Fourier-Transformed Infrared (FTIR) Spectroscopy
FTIR analysis was performed according to McGee et al. [31] using 1 mg of freeze-dried biomass (n = 3). The spectra were obtained using a PerkinElmer Model Spectrum Two spectrometer equipped with a diamond crystal attenuated total reflectance cell with a DTGS detector scanning and the wavelength range of 4000–450 cm−1 with a resolution of 4 cm−1, and data were acquired with the software Spectrum (version 6, PerkinElmer, Germany). Wavenumber bands were used to determine lipids (C = O ester stretching at 1749 cm−1), carbohydrates (C–O–C stretching at 991 cm−1) and proteins (C = O amide II band at 1703 cm−1) based on the analysis of palmitic acid, starch and bovine serum albumin powders [31,32,33]. Results were expressed relative to the control samples.
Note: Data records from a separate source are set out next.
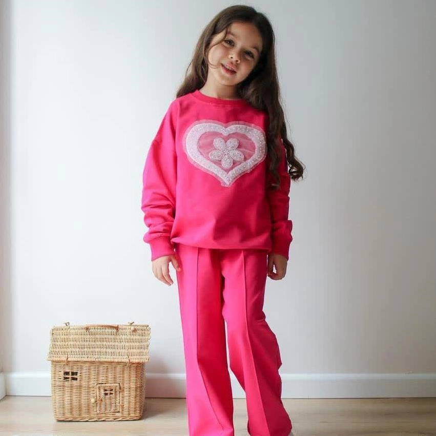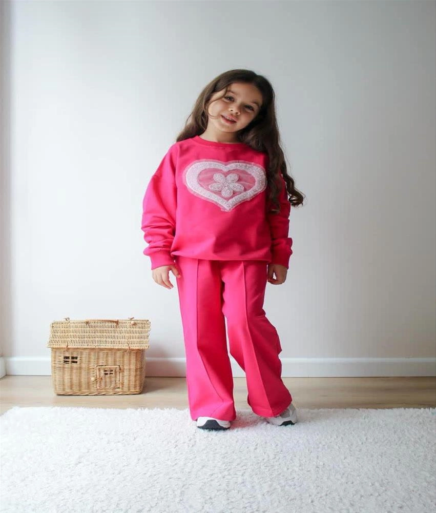 ست دوتیکه دورس شلوار دونخ قلب برجسته نگین دار ترک کد 18921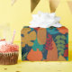 Colourful watercolor fall leaves pattern on a navy blue background.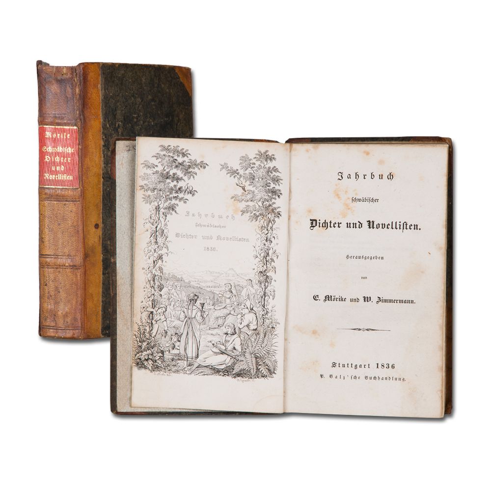 Sehr seltenes Jahrbuch mit 3 Erstdrucken von Mörike; die Gedichte "Das Bacchusfest" und "Erstes Liebeslied eines Mädchens" und das Märchen "Der Schatz". Der Band enthält außerdem Gedichte von L. Bauer, K. Mayer und F. Th. Vischer unter dem Pseudonym A. Treuberg.- Sammlung Kauffmann Nr. 73; Marbach-Katalog Nr. 282.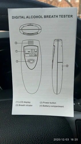 Алкотестер выглядит конечно не так как в описании, но как уверяет продавец - это обновленная версия, а я и не против, так даже лучше. А вот что важно, так это - работает ли? А он работает, что видно на фотографии. На сухую показал 0 промилле, а после выпитой бутылки пива 5,6 об. в течении 45 минут показал 0,4 промилле. Так что как карманный алкотестер, за небольшие деньги очень даже рекомендую.

Extract Preparation and Spectrophotometry-Based Assays
Folin–Ciocalteu (FC) Assay
A 5 mg (n = 3) of freeze-dried biomass was extracted based on Archer et al. [14] using 1 ml of ethanol (50%) for 20 min at room temperature (20 °C). Samples were vortexed for 30 s and then centrifuged at 10,000 rpm for 4 min; the supernatants were recovered in 1.5 ml tubes. The extraction was repeated with 1 ml of 50% of ethanol, and the two supernatant fractions were combined.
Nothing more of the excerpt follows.